Draws a colored box on each of the cells you specify. If clear is True,
will clear all old drawings before drawing on the specified cells.
This is useful for debugging the locations that your code works with.

color: list of RGB values between 0 and 1 (i.e. [1,0,0] for red)
cells: list of game positions to draw on (i.e. [(20,5), (3,22)])
“””
“`

### Restrictions:
You are free to design any agent you want. However, you will need to respect the provided APIs if you want to participate in the tournaments. Agents which compute during the opponent’s turn will be disqualified. In particular, any form of multi-threading is disallowed, because we have found it very hard to ensure that no computation takes place on the opponent’s turn.

### Warning:
If one of your agents produces any stdout/stderr output during its games in the nightly tournaments, that output will be included in the contest results posted on the website. Additionally, in some cases a stack trace may be shown among this output in the event that one of your agents throws an exception. You should design your code in such a way that this does not expose any information that you wish to keep confidential.

## Contest Details

### Teams: You may work in teams of up to 3/4 people.

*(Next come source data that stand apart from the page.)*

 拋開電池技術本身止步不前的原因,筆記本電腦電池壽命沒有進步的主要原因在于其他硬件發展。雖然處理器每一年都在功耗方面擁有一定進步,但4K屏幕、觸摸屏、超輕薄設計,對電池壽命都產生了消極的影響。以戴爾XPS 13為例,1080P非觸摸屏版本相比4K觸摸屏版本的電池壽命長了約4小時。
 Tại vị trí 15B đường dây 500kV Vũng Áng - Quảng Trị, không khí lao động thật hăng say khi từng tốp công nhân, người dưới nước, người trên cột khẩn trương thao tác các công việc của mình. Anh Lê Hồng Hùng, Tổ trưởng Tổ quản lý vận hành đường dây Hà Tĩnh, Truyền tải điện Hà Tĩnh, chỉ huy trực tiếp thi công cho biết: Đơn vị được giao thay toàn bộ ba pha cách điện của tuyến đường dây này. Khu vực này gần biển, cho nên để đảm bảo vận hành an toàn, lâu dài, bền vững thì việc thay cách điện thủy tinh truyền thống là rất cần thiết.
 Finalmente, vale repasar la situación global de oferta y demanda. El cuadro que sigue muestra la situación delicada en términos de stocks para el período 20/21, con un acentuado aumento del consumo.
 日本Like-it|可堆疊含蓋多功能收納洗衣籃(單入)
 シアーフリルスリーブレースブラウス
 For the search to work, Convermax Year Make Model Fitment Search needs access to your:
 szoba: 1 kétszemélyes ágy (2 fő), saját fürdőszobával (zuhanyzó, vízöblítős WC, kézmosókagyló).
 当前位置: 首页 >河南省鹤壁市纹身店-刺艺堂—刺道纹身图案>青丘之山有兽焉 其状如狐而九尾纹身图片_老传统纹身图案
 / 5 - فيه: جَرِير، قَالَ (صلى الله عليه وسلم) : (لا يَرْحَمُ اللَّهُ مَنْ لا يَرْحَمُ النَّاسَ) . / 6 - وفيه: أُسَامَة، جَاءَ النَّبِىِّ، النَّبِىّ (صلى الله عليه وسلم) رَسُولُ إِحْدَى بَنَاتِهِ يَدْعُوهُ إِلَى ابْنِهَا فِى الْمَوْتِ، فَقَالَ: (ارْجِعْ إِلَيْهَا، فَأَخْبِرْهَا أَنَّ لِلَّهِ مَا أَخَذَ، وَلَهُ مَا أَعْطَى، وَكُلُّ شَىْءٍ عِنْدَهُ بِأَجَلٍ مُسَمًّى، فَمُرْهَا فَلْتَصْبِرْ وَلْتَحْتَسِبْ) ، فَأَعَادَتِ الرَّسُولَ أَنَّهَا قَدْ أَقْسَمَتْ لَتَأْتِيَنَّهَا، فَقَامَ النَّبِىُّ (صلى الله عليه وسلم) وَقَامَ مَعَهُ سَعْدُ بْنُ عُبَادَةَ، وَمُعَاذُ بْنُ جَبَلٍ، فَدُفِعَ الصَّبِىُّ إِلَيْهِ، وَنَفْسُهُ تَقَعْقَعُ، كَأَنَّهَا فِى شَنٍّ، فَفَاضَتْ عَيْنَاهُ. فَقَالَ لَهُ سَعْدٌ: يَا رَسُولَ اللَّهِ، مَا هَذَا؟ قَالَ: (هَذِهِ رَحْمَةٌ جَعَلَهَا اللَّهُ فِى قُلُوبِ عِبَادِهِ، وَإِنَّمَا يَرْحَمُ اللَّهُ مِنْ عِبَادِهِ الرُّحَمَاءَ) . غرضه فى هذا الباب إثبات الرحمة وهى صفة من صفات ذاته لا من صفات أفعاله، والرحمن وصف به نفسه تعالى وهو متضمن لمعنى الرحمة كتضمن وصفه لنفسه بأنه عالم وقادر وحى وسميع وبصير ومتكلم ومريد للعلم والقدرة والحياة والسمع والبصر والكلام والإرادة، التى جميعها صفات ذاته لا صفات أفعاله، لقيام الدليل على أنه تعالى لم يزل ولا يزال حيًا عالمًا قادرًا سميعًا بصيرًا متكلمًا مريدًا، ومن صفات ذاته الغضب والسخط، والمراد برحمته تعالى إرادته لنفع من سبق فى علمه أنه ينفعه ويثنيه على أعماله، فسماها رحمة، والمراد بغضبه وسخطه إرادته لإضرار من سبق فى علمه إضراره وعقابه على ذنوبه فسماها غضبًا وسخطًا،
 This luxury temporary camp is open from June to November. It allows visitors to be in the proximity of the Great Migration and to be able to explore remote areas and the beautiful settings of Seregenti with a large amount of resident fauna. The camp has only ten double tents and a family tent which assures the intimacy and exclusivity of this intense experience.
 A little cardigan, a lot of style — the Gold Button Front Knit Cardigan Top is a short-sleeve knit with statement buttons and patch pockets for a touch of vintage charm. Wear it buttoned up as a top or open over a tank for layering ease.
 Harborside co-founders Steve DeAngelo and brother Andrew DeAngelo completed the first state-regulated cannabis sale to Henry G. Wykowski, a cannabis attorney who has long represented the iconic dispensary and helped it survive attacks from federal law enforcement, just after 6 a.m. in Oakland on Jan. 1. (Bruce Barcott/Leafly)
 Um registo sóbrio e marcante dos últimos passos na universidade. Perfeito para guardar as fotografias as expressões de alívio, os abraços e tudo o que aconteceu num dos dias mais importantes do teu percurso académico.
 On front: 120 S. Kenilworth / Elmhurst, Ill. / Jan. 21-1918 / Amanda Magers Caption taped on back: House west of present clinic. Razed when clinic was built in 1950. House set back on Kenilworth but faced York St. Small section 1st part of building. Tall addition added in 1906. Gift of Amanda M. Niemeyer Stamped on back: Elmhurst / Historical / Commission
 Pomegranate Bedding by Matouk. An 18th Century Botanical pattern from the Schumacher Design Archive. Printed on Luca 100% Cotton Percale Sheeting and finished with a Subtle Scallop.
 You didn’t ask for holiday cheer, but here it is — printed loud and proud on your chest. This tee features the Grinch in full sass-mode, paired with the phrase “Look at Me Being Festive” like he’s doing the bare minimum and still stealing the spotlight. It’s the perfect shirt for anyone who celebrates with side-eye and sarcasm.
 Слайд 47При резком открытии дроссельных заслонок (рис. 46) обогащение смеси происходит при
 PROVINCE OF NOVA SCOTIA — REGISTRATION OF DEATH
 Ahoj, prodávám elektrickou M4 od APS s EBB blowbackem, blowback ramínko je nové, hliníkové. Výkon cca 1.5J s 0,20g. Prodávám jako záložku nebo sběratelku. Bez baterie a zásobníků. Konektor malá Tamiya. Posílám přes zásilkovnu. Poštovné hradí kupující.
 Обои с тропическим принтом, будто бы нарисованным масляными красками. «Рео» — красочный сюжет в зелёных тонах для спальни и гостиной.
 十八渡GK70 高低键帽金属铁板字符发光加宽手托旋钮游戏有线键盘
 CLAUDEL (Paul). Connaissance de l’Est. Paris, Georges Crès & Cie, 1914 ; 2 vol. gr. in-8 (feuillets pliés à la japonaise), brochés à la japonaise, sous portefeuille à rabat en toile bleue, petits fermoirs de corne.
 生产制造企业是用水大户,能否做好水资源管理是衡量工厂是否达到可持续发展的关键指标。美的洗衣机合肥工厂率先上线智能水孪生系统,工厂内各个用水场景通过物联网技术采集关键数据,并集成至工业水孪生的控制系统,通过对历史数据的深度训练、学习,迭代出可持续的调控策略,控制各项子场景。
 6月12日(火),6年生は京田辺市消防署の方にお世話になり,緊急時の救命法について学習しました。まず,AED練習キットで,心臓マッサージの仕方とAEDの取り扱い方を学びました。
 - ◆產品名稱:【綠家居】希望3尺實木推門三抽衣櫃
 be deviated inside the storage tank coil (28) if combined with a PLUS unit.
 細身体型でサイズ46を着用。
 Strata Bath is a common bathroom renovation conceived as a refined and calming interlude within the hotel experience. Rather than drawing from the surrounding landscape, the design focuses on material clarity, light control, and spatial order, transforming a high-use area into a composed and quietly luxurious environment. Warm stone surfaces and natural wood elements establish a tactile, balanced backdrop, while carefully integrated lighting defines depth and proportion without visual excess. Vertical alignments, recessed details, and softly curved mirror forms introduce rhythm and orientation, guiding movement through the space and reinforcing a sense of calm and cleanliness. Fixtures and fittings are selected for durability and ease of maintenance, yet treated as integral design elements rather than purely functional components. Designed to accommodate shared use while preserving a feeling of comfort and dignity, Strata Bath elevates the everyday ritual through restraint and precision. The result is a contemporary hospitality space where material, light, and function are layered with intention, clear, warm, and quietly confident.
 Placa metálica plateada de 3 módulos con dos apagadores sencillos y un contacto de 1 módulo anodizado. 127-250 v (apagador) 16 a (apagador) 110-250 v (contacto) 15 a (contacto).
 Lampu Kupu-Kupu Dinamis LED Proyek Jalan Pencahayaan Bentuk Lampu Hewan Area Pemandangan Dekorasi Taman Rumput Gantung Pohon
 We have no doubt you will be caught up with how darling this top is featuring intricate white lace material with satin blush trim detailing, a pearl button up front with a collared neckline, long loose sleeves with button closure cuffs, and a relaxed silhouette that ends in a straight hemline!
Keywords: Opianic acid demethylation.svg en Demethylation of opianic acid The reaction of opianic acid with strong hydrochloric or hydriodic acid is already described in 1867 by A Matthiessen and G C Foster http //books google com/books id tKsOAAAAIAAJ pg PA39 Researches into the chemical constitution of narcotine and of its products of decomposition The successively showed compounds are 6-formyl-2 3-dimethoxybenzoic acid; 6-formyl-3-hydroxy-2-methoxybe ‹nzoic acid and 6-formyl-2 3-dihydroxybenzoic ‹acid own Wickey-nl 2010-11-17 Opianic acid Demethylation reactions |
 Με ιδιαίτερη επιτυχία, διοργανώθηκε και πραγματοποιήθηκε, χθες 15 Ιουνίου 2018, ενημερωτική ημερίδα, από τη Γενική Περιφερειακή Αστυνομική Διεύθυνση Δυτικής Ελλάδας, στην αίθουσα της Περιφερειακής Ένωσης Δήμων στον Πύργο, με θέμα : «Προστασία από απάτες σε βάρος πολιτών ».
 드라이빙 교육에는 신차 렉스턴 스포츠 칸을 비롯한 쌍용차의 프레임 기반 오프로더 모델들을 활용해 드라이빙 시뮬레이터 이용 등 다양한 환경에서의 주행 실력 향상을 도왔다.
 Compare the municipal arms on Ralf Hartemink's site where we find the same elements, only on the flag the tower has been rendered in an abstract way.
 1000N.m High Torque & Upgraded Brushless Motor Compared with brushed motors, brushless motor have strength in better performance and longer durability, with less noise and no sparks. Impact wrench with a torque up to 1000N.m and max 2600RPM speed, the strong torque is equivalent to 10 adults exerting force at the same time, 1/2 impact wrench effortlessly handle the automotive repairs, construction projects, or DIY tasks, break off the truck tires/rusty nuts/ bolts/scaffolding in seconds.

### Prizes: Rankings are determined according to the number of points
received in a nightly round-robin tournaments, where a win is worth 3
points, a tie is worth 1 point, and losses are worth 0 (Ties are not
worth very much to discourage stalemates). To be included in a nightly
tournament, your submission must be in by 0:05pm that night.

Extra credit will be awarded according to the final competition, but participating early in the pre-competitions will increase your learning and feedback. If your team wins one of the final nightly tournaments you will receive 1 additional point.

In addition, dastardly staff members have entered the tournament with
their own devious agents, seeking fame and glory. These agents have team
names beginning with Staff-.

### Prize Summary:

– Will give diplomas to the winners

The earlier you submit your agents, the better your chances of earning a high ranking, and the more chances you will have to defeat the staff agents.

### Important dates:

———– ———— ———————————————————————-
Friday 13/9/2010 Contest announced and posted
Firday 27/9/2010 Participate at the pre-competition, time starts to run out.
Wednesday 16/10/2010 Final submission of contest
Thursday 24/10/2010 Results announced in class
———– ———— ———————————————————————-

## Acknowledgements

This tournament was developed by Berkley and adpated by staff at The University of Melbourne and RMIT.

![](img/contestLayout.png)

Have fun! Please bring our attention to any problems you discover.